GIVEN RECORDS

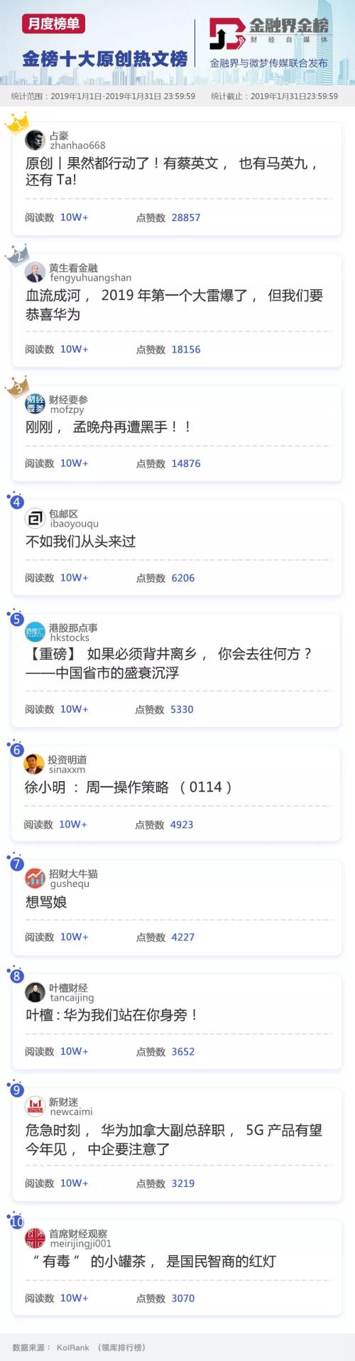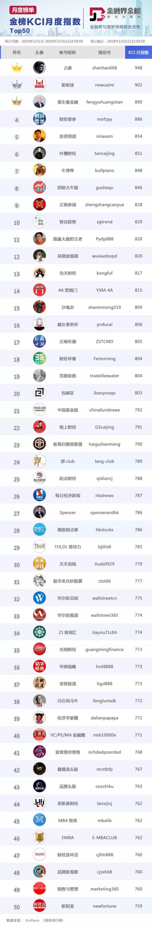 金融界联合微梦传媒,权威发布「金榜」题名—2019年1月份财经金融类公众号影响力报告,旨在用数据洞察金融行业发展态势!以便为广大财经金融类自媒体人及合作伙伴带来参考价值。报告统计时间为2019年1月1日—2019年1月31日。 金融界联合微梦传媒,权威发布「金榜」题名—2019年1月份财经金融类公众号影响力报告,旨在用数据洞察金融行业发展态势!以便为广大财经金融类自媒体人及合作伙伴带来参考价值。报告统计时间为2019年1月1日—2019年1月31日。 注:因相关规则,少部分公众号未纳入榜单统计中。 公众号月度榜单 1、KCI月度指数TOP50 榜单介绍:利用领库平台特有的计算方法,对公众号8项运营数据进行演算,得出评判公众号质量的KCI月指数,指数越高,账号质量越高,榜单选取KCI月指数前50的财经类公众号进行排名。
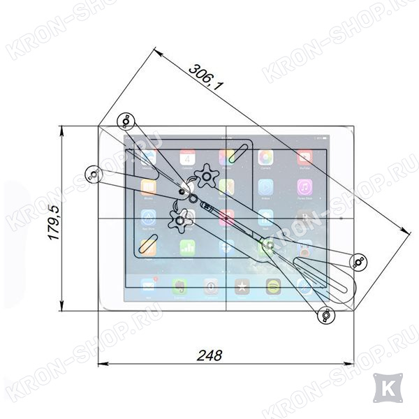 Настенный кронштейн- адаптер для планшета ARTKRON Pad GT-46 совместим со всеми портативными популярными устройствами размерами по ширине от 195 мм до 248 мм и по высоте от 134 до 179 мм.
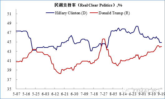 本周,Hillary Clinton的民调支持率为44.9%,相比上周的45.8%有所下降;而本周DonaldTrump的民调支持率为44.0%,相比上周的43.4%有所上升。近日关于Hillary身体状况的质疑声日益增加,这使得Trump支持率有所提升。
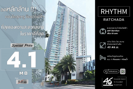 ขาย-เช่า Rhythm Ratchada ห้อง 1 ห้องนอน พื้นที่เยอะ ขนาด 45 ตร.ม.
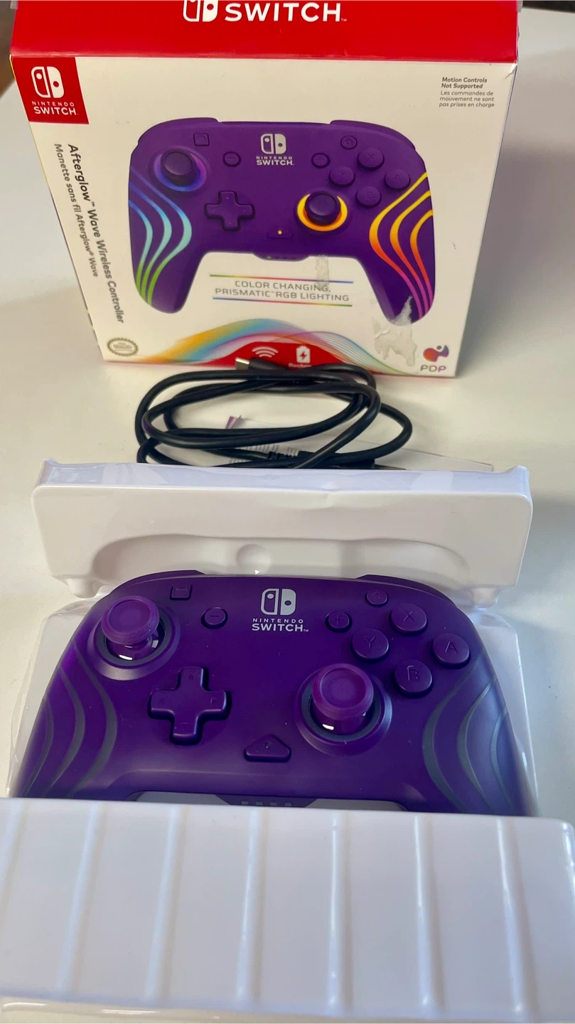 Selling a brand new (open box) Afterglow Wave wireless controller for the Nintendo Switch! It's still in its original packaging. This controller features colour changing prismatic RGB lighting and motion controls. Perfect for enhancing your gaming experience!

INSTRUCTIONS FOR THE TASK
Word for word, copy all the entries above, but with no pictures.

SOLUTION TO THE EXERCISE
 金融界联合微梦传媒,权威发布「金榜」题名—2019年1月份财经金融类公众号影响力报告,旨在用数据洞察金融行业发展态势!以便为广大财经金融类自媒体人及合作伙伴带来参考价值。报告统计时间为2019年1月1日—2019年1月31日。 金融界联合微梦传媒,权威发布「金榜」题名—2019年1月份财经金融类公众号影响力报告,旨在用数据洞察金融行业发展态势!以便为广大财经金融类自媒体人及合作伙伴带来参考价值。报告统计时间为2019年1月1日—2019年1月31日。 注:因相关规则,少部分公众号未纳入榜单统计中。 公众号月度榜单 1、KCI月度指数TOP50 榜单介绍:利用领库平台特有的计算方法,对公众号8项运营数据进行演算,得出评判公众号质量的KCI月指数,指数越高,账号质量越高,榜单选取KCI月指数前50的财经类公众号进行排名。
 Настенный кронштейн- адаптер для планшета ARTKRON Pad GT-46 совместим со всеми портативными популярными устройствами размерами по ширине от 195 мм до 248 мм и по высоте от 134 до 179 мм.
 本周,Hillary Clinton的民调支持率为44.9%,相比上周的45.8%有所下降;而本周DonaldTrump的民调支持率为44.0%,相比上周的43.4%有所上升。近日关于Hillary身体状况的质疑声日益增加,这使得Trump支持率有所提升。
 ขาย-เช่า Rhythm Ratchada ห้อง 1 ห้องนอน พื้นที่เยอะ ขนาด 45 ตร.ม.
 Selling a brand new (open box) Afterglow Wave wireless controller for the Nintendo Switch! It's still in its original packaging. This controller features colour changing prismatic RGB lighting and motion controls. Perfect for enhancing your gaming experience!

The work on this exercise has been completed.